[webkit-dev] Questions about JSC CLoop crashes on ppc64
Mark Lam
mark.lam at apple.com
Tue Apr 1 09:17:56 PDT 2014
cc’ing webkit dev because there may be other folks who might be interested in this information, and/or may also be able to help.
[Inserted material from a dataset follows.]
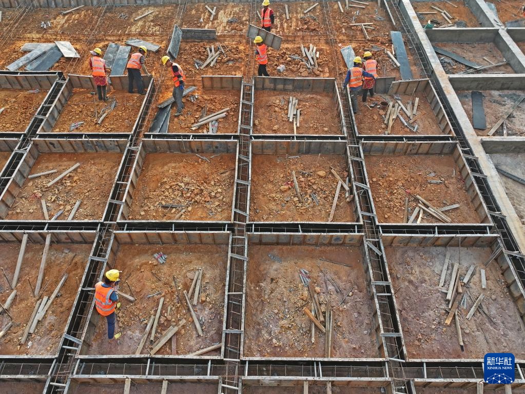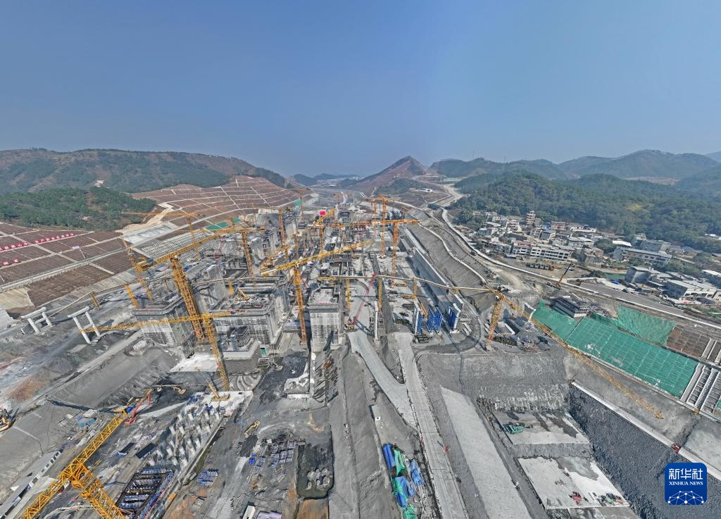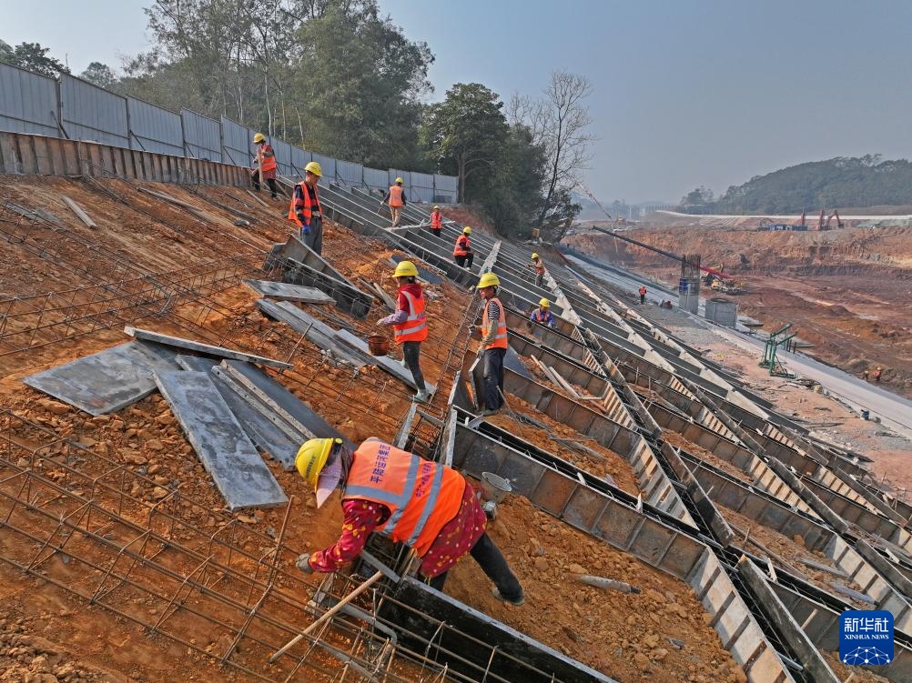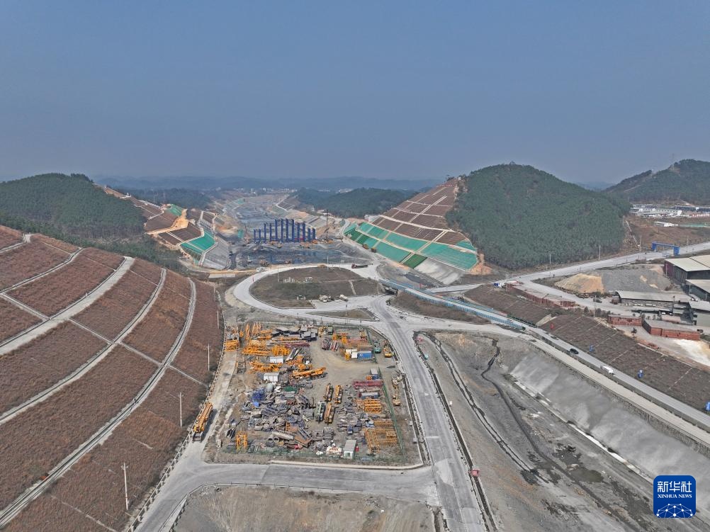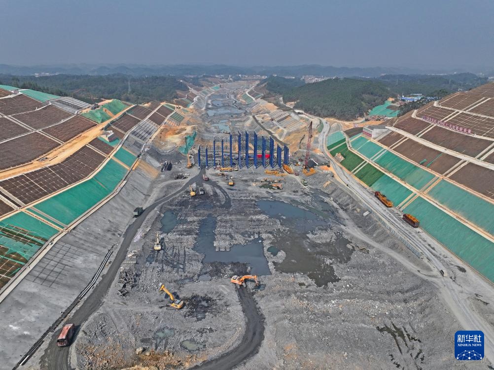 这是1月21日拍摄的位于广西钦州市灵山县旧州镇的平陆运河马道枢纽建设现场(无人机照片)。新华社记者 周华 摄

On Apr 1, 2014, at 6:57 AM, Tomas Popela <tpopela at redhat.com> wrote:
> Hi Mark,
> if you don't mind I have some questions for you regarding to https://bugs.webkit.org/show_bug.cgi?id=128743 - CLoop crashes on PPC64, S390X as I'm lost in it.. While looking on it I came to https://bugs.webkit.org/show_bug.cgi?id=97586#c10 where you suggest to modify llint/LowLevelInterpreter.cpp and add there some debug prints. I tried it and I saw that t0.i32 != t0.i.. What that could mean?
>
> &t0.i32 = 0x3fffd709693c
> &t0.i = 0x3fffd7096938
> Setting t0.i = 0xfedcba9876543211;
> raw t0 = 0xfedcba9876543211
> Setting t0.i32 = 0x00000000;
> raw t0 = 0xfedcba9800000000
>
> Also another thing. I managed to compile trunk on that PPC64 machine. When I open jsc and just type "1" there it crashes as well. I have modified the *.asm files to print names of macros and labels to see the flow with:
>
> $ sed 's@^\(\..*\):$@&\n cloopDo // printf ("\1\\n");@' LowLevelInterpreter.asm
> $ sed 's@^macro \(.*\).*$@&\n cloopDo // printf ("\1\\n");@' LowLevelInterpreter.asm
>
FYI, there’s already some built-in tracing functionality for the C loop LLINT. In LowLevelInterpreter.cpp, search for TRACE_OPCODE. You can define ENABLE_TRACE_OPCODE 1 to enable that code. Similar to the tracing that you’ve added, it will tell which opcodes are being executed but only at the opcode granularity.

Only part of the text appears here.